For these operations pure Python may be more efficient.

%timeit pd.Series([set1.union(set2) for set1, set2 in zip(df['A'], df['B'])])
10 loops, best of 3: 43.3 ms per loop

%timeit df.apply(lambda x: x.A.union(x.B), axis=1)
1 loop, best of 3: 2.6 s per loop

If we could use +, it would probably take half the time (inheritance may not worth it):

%timeit df['A'] - df['B']
10 loops, best of 3: 22.1 ms per loop

%timeit pd.Series([set1.difference(set2) for set1, set2 in zip(df['A'], df['B'])])
10 loops, best of 3: 35.7 ms per loop

DataFrame for timings:

import pandas as pd
import numpy as np
l1 = [set(np.random.choice(list('abcdefg'), np.random.randint(1, 5))) for _ in range(100000)]
l2 = [set(np.random.choice(list('abcdefg'), np.random.randint(1, 5))) for _ in range(100000)]
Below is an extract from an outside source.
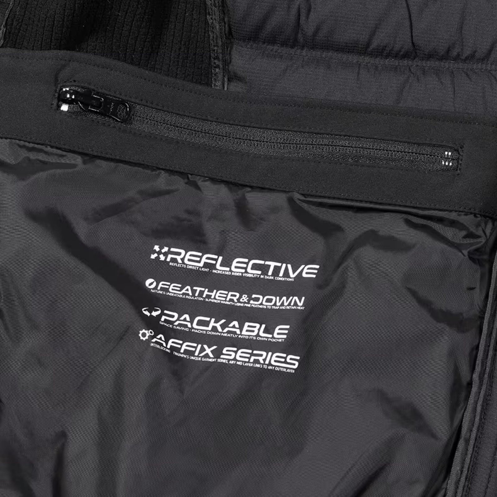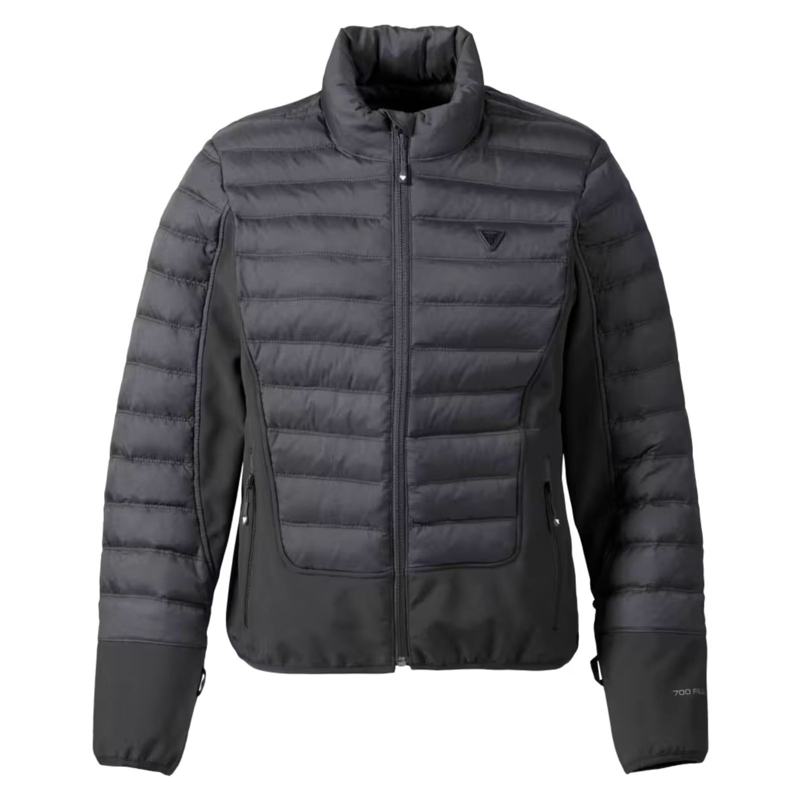 Construction features include baffle-style tubing filled with a premium 90/10 down and feather combination boasting 700 fill power. This high-quality insulation traps heat and distributes it evenly across the body, offering excellent temperature stability for long rides in colder environments. The design balances warmth and flexibility, allowing riders to layer effectively under outer jackets without feeling encumbered.

df = pd.DataFrame({'A': l1, 'B': l2})

This is the best I could come up with:

# method 1
df.apply(lambda x: x.set1.union(x.set2), axis=1)

# method 2
df.applymap(list).sum(1).apply(set)

Wow!

I expected the method 2 to be quicker. Not so!

Example

df = pd.DataFrame([[{1, 2, 3}, {3, 4, 5}] for _ in range(3)],
                  columns=list('AB'))
df

df.apply(lambda x: x.set1.union(x.set2), axis=1)

0    {1, 2, 3, 4, 5}
1    {1, 2, 3, 4, 5}
2    {1, 2, 3, 4, 5}